■ **Extracted data**
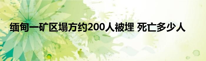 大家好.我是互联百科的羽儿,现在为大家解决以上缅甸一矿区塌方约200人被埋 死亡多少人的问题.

==

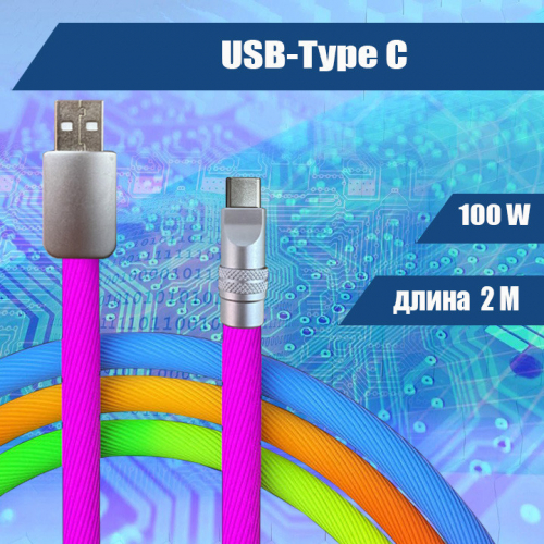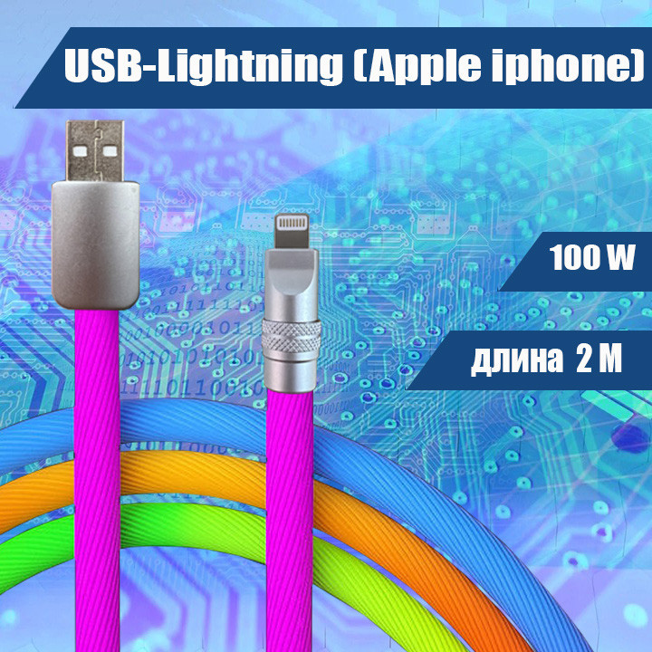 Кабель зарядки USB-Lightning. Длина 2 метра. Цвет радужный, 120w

--

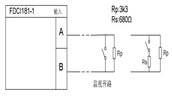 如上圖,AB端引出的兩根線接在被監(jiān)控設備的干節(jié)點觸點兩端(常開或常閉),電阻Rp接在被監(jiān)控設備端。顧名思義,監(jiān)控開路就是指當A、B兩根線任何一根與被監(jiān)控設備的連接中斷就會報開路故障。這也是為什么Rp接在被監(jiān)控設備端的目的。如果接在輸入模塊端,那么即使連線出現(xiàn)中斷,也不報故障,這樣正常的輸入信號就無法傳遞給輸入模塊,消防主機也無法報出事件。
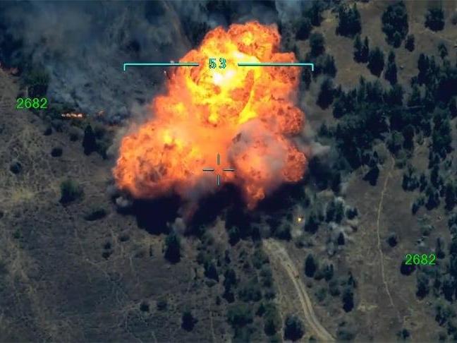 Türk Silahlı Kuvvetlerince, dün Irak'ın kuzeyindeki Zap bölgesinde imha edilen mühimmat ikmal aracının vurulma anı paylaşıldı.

■ **Brief**
Using the entries above, transcribe exactly from the line that has "如上圖,AB端引出的兩根線接" through the line that has "Türk Silahlı Kuvvetlerince, dün". Pictures are dropped.

■ **Solution**
 如上圖,AB端引出的兩根線接在被監(jiān)控設備的干節(jié)點觸點兩端(常開或常閉),電阻Rp接在被監(jiān)控設備端。顧名思義,監(jiān)控開路就是指當A、B兩根線任何一根與被監(jiān)控設備的連接中斷就會報開路故障。這也是為什么Rp接在被監(jiān)控設備端的目的。如果接在輸入模塊端,那么即使連線出現(xiàn)中斷,也不報故障,這樣正常的輸入信號就無法傳遞給輸入模塊,消防主機也無法報出事件。
 Türk Silahlı Kuvvetlerince, dün Irak'ın kuzeyindeki Zap bölgesinde imha edilen mühimmat ikmal aracının vurulma anı paylaşıldı.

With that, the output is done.